Stored items from a collection
......

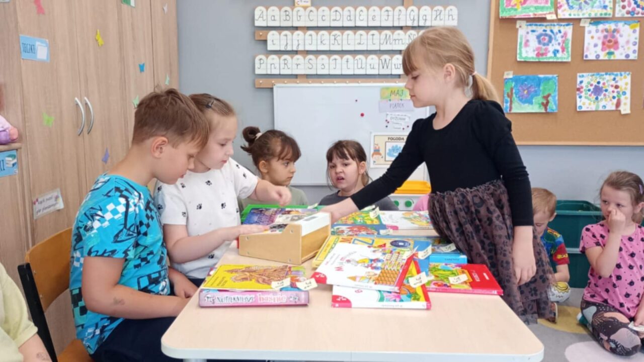 - Wzbogacanie biblioteczki:Dbanie o atrakcyjne księgozbiory, tworzenie i modernizowanie kącików książek w salach.
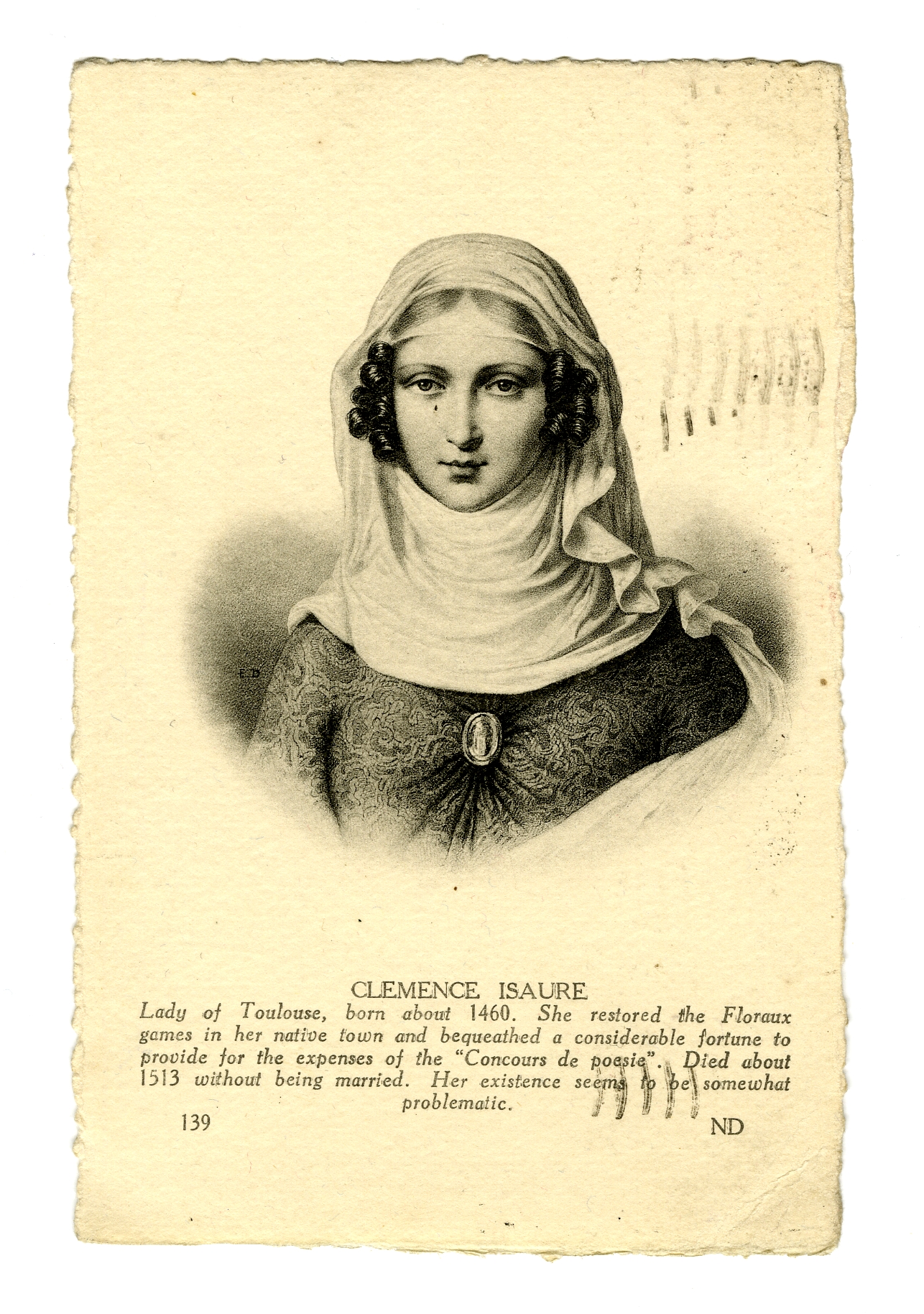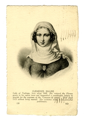 4040Prentbriefkaart: portret van Clémence Isaure (ca. 1460- ca. 1513).
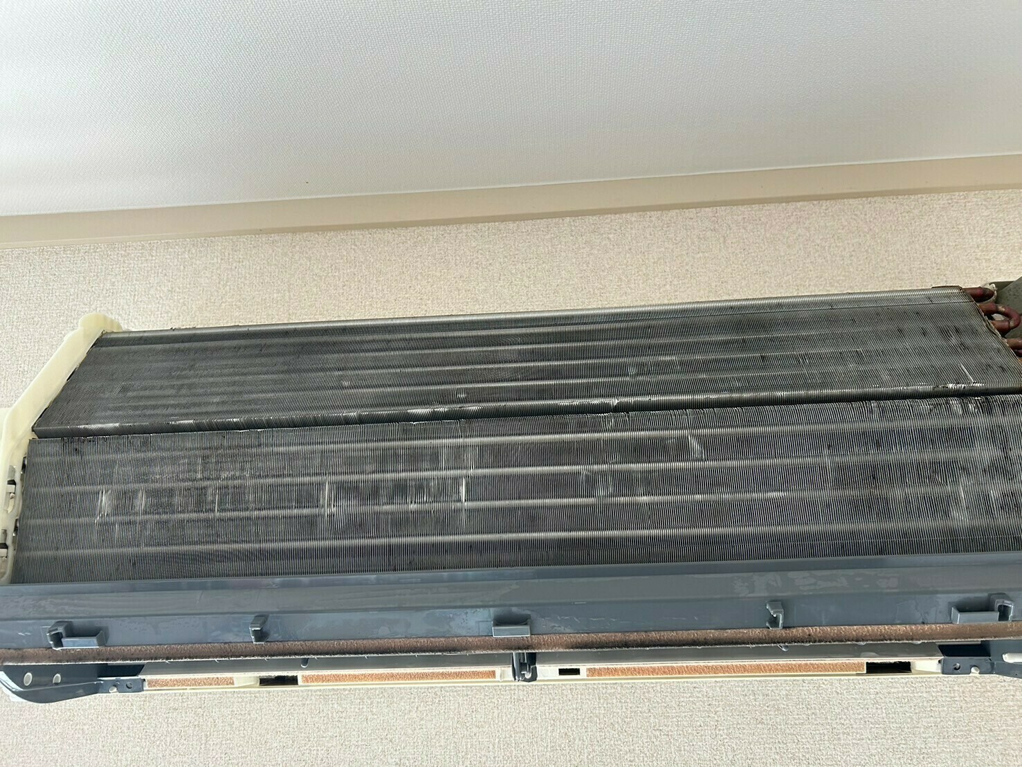 サムネイル画像にもあったこちらのエアコンの内部ですが、アルミフィンに埃がびーっしり埋まっていますね💦
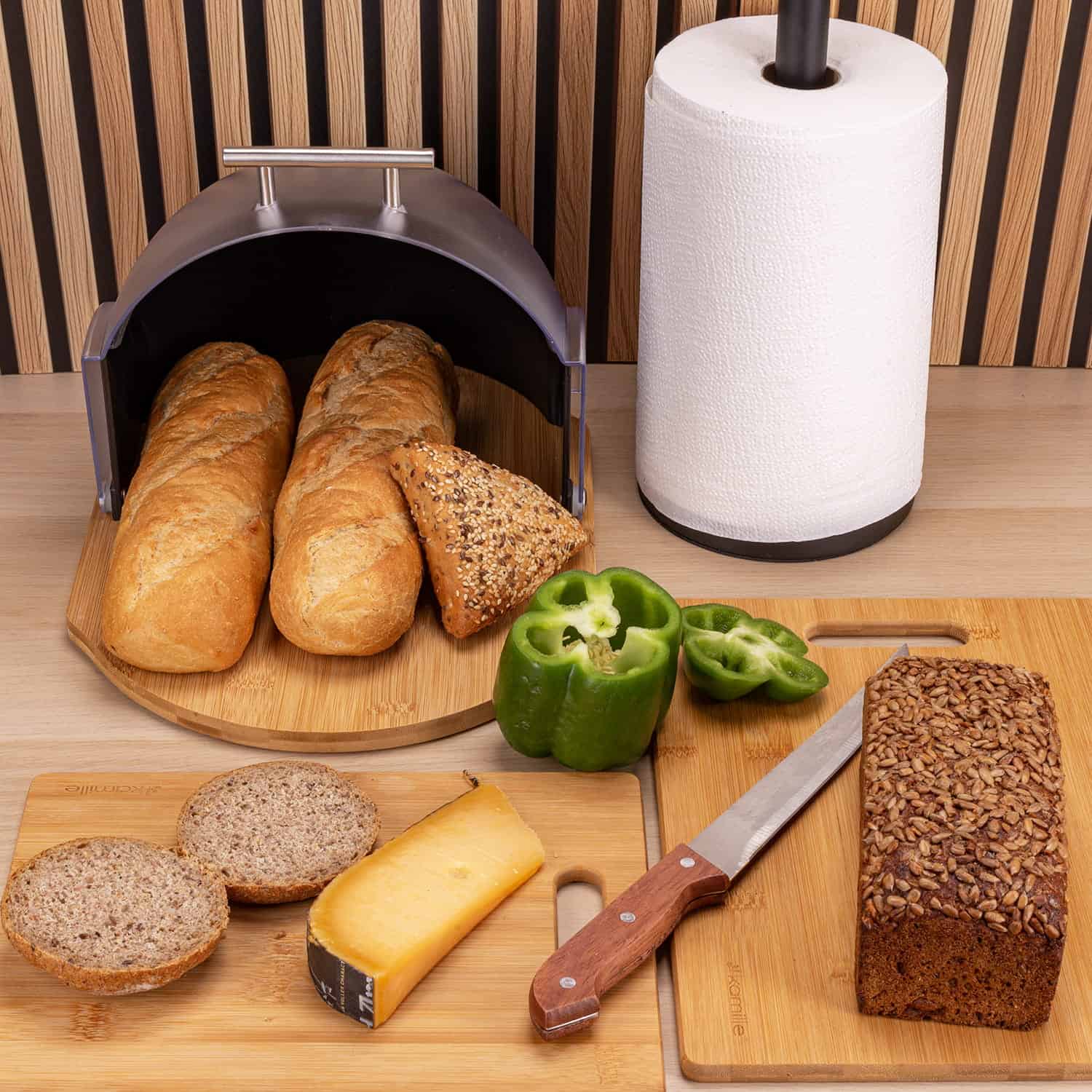 Aceasta cutie eleganta combina functionalitatea cu un aspect natural si modern. Corpul din bambus este durabil si prietenos cu mediul, asigurand un mediu optim pentru pastrarea painii.
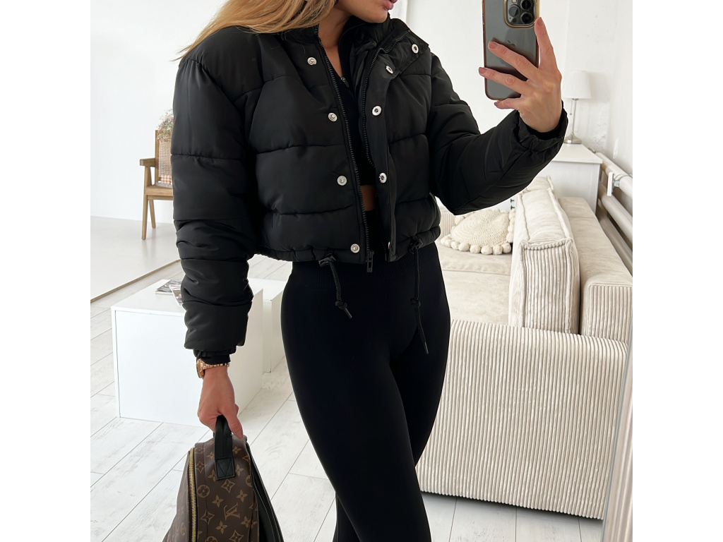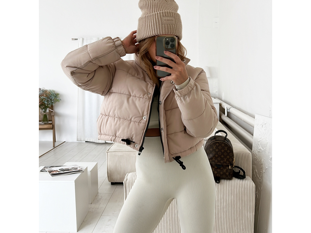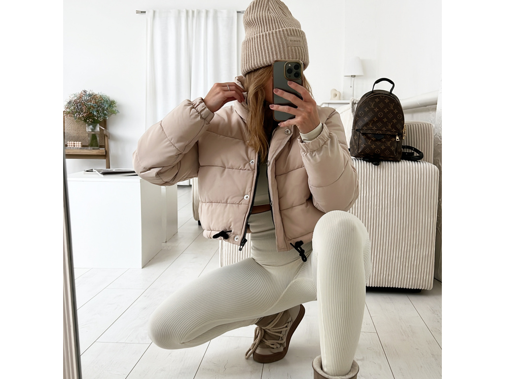 Stylová a nadýchaná bunda puffer croppového střihu v černé a béžové barvě. Bundička se dá v dolním kraji stáhnout. Materiál i propracování bundy je kvalitní. Bunda má kapsy. Detaily jsou černé. Velikost S,M,L a XL. Materiál je příjemný a nepromokavý. Velikost S je focena na XSku a výšce 165 cm.
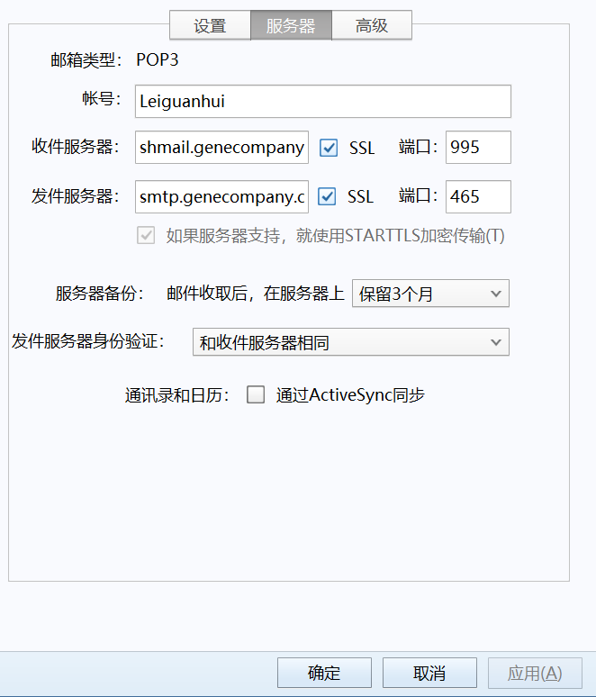 POP3服务器:shmail.genecompany.com (基因科技可填入:mail.genetech.com.cn

......

**Task to complete:** Only an exact copy of the lines from the top of the entries through the line with "Aceasta cutie eleganta", both included, should be given, with all pictures omitted.

**Completed exercise:**
 - Wzbogacanie biblioteczki:Dbanie o atrakcyjne księgozbiory, tworzenie i modernizowanie kącików książek w salach.
 4040Prentbriefkaart: portret van Clémence Isaure (ca. 1460- ca. 1513).
 サムネイル画像にもあったこちらのエアコンの内部ですが、アルミフィンに埃がびーっしり埋まっていますね💦
 Aceasta cutie eleganta combina functionalitatea cu un aspect natural si modern. Corpul din bambus este durabil si prietenos cu mediul, asigurand un mediu optim pentru pastrarea painii.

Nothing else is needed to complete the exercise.